SOURCE INFORMATION —
++++++++++
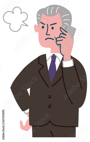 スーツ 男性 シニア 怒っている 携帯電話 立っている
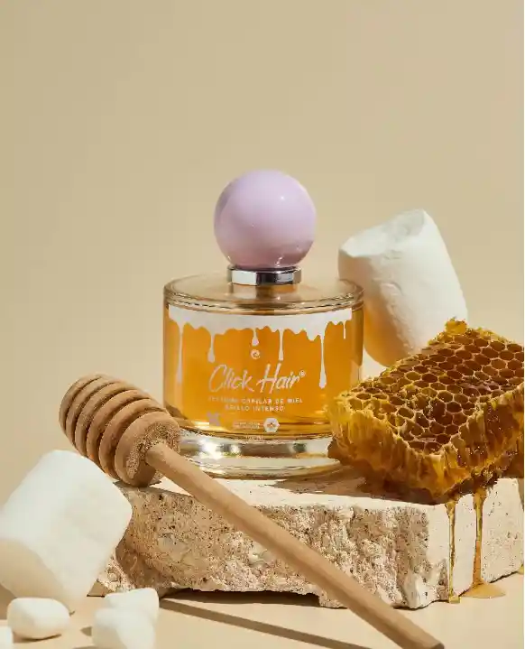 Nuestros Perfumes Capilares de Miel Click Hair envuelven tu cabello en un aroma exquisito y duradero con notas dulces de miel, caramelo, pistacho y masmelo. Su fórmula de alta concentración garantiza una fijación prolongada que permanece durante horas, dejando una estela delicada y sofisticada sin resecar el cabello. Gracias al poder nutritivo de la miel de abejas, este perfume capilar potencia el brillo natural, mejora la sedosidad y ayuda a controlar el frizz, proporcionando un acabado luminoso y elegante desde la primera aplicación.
++++++++++
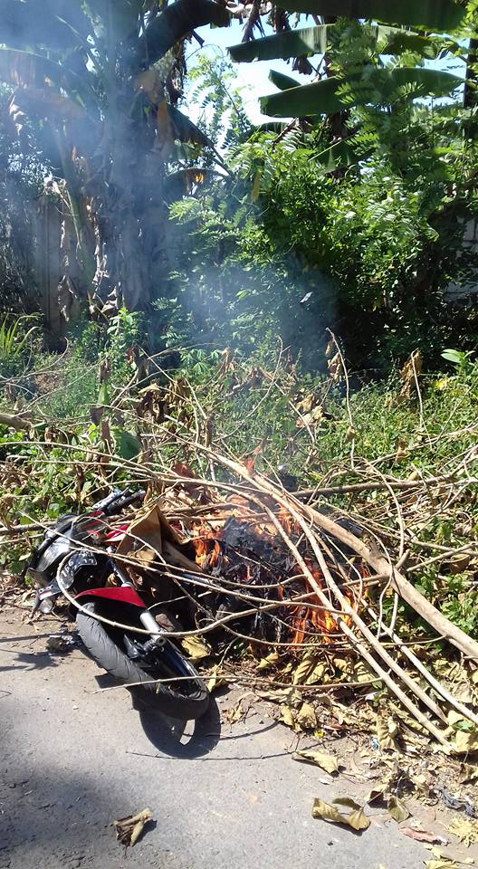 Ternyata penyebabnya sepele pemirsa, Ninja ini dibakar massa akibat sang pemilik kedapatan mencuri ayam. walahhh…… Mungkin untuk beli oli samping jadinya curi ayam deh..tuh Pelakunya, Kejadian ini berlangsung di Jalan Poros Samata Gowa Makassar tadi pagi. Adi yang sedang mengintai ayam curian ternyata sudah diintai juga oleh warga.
++++++++++
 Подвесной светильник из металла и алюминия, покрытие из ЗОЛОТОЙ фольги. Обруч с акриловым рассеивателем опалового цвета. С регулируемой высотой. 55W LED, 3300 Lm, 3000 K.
++++++++++
ABOUT THIS EXERCISE —
Would you output only the span of the records above that opens with the line containing "スーツ 男性 シニア 怒っている 携帯電話 立っている" and closes with the line containing "Nuestros Perfumes Capilares", ends included and pictures dropped?

RESULT BELOW —
 スーツ 男性 シニア 怒っている 携帯電話 立っている
 Nuestros Perfumes Capilares de Miel Click Hair envuelven tu cabello en un aroma exquisito y duradero con notas dulces de miel, caramelo, pistacho y masmelo. Su fórmula de alta concentración garantiza una fijación prolongada que permanece durante horas, dejando una estela delicada y sofisticada sin resecar el cabello. Gracias al poder nutritivo de la miel de abejas, este perfume capilar potencia el brillo natural, mejora la sedosidad y ayuda a controlar el frizz, proporcionando un acabado luminoso y elegante desde la primera aplicación.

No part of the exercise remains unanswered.